## EXCERPTED DATA
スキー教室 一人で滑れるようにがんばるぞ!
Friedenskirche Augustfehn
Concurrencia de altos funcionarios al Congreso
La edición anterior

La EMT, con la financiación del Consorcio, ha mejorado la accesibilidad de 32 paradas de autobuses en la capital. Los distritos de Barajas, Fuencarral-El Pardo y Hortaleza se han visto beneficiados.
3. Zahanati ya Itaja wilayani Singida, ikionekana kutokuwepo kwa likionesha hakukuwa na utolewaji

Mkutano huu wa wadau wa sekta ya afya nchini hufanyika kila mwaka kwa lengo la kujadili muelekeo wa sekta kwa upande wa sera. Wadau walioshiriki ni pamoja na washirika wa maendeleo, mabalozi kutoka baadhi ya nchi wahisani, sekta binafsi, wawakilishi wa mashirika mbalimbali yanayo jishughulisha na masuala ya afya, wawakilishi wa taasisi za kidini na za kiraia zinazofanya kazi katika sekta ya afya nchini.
==
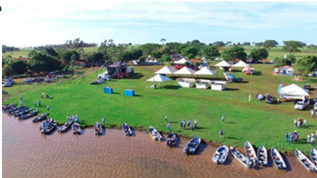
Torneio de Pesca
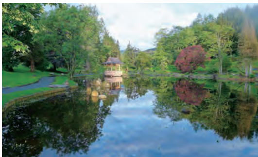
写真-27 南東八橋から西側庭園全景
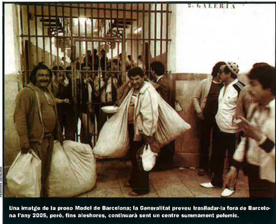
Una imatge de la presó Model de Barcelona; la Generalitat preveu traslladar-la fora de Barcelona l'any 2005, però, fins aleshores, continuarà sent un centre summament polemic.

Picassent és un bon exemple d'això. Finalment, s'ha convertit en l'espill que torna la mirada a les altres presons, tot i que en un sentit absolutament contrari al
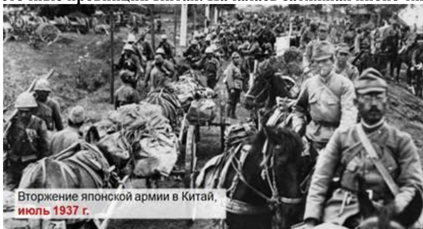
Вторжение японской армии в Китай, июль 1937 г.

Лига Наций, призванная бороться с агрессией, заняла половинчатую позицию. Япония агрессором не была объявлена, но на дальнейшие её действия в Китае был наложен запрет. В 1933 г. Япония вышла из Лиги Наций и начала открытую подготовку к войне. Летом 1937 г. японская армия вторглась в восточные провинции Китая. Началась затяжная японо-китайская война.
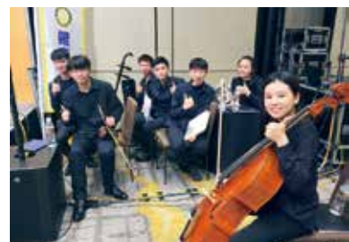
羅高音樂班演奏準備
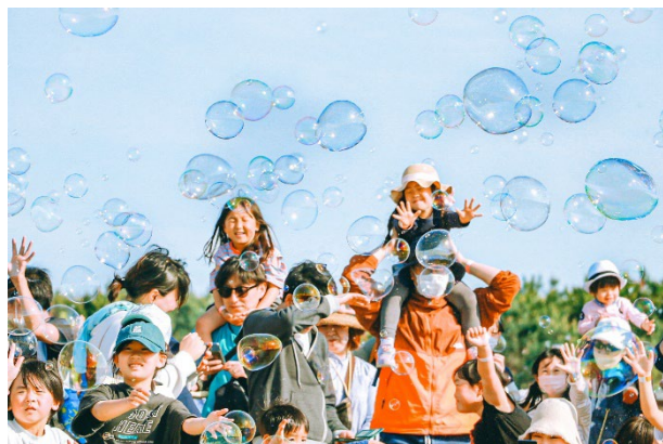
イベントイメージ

## TASK DETAILS
Please make an exact copy of the lines above from the line with "Friedenskirche Augustfehn" through the line with "3. Zahanati ya", both ends included.

## EXPECTED OUTPUT
Friedenskirche Augustfehn
Concurrencia de altos funcionarios al Congreso
La edición anterior

La EMT, con la financiación del Consorcio, ha mejorado la accesibilidad de 32 paradas de autobuses en la capital. Los distritos de Barajas, Fuencarral-El Pardo y Hortaleza se han visto beneficiados.
3. Zahanati ya Itaja wilayani Singida, ikionekana kutokuwepo kwa likionesha hakukuwa na utolewaji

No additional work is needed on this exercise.